- Born: Canada
- Education: Australian National University
- Known for: Improving the Care of HIV Persons
- Awards: Order of Canada, Royal Society of Canada
- Scientific career
- Fields: HIV/AIDS
- Workplaces: British Columbia Centre for Excellence in HIV/AIDS

= Robert S. Hogg =

Canadian HIV researcher, demographer, and professor

Robert S. Hogg is an HIV researcher focused on improving outcomes for people living with HIV/AIDS through the understanding of barriers to accessing HIV testing, treatment and care in Canada and globally. He is a senior research scientist and the former Director of the HIV/AIDS Drug Treatment Program at the B.C. Centre for Excellence in HIV/AIDS. He is a Simon Fraser University Distinguished Professor (the first to receive the title) and the Associate Dean of Research of the faculty of Health Sciences. He is a prolific and highly cited author with an H-index of 111 and over 1000 peer-reviewed papers. He is both a Member of the Order of Canada and a Fellow of the Canadian Academy of Health Sciences.

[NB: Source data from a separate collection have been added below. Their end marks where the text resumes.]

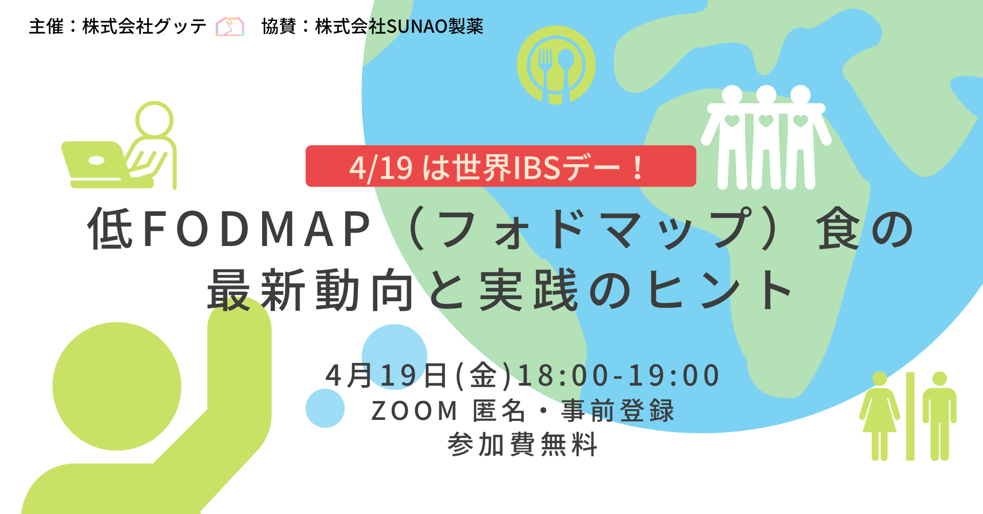 世界IBSデーに合わせたオンラインイベント「低FODMAP(フォドマップ)食の最新動向と実践のヒント」を過敏性腸症候群(IBS)向けレシピサイト「グッテレシピ」を運営するグッテが開催(4/19)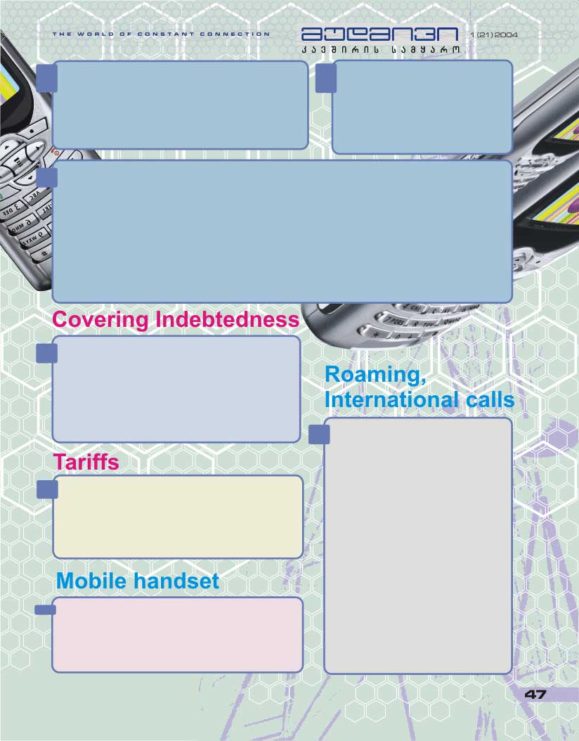 1) According to MagtiCom statutory regulations, any calls (both to fixed and mobile numbers) made within the territory of Georgia are rounded up by 5-second increments of time, while the calls made abroad using the “00” or the “+” code by a 30-second increment.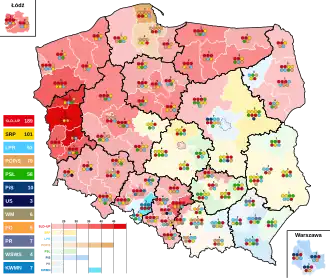 | Democratic Left Alliance – Labor Union | 2,752,318 | 24.65 | 189 |

His research includes, access to care including at risk-groups including those that use drugs or men that have sex with men, antiretroviral therapy, and aging with HIV.

== Access to Care ==
Dr. Hogg's research has extensively covered access and barriers to care such as his 1998 senior author paper looking at barriers to the use of free antiretroviral therapy in injection drug users.

== Antiretroviral Therapy ==
Hogg has published extensively on antiretroviral therapy from their inception to current times such as looking at antiretrovirals' effect on mortality.

=== Drug resistance ===
Hogg's 2006 paper demonstrated that resistance to NNRTIs resulted in greater mortality than the development of resistance to protease inhibitors.

=== Treatment as prevention strategy ===

Hogg, Julio Montaner and others are original authors of the Treatment as prevention strategy (TasP). The Treatment as Prevention strategy is based on the premise that administering highly active antiretroviral therapy to all medically eligible HIV-positive individuals will decrease transmission rates.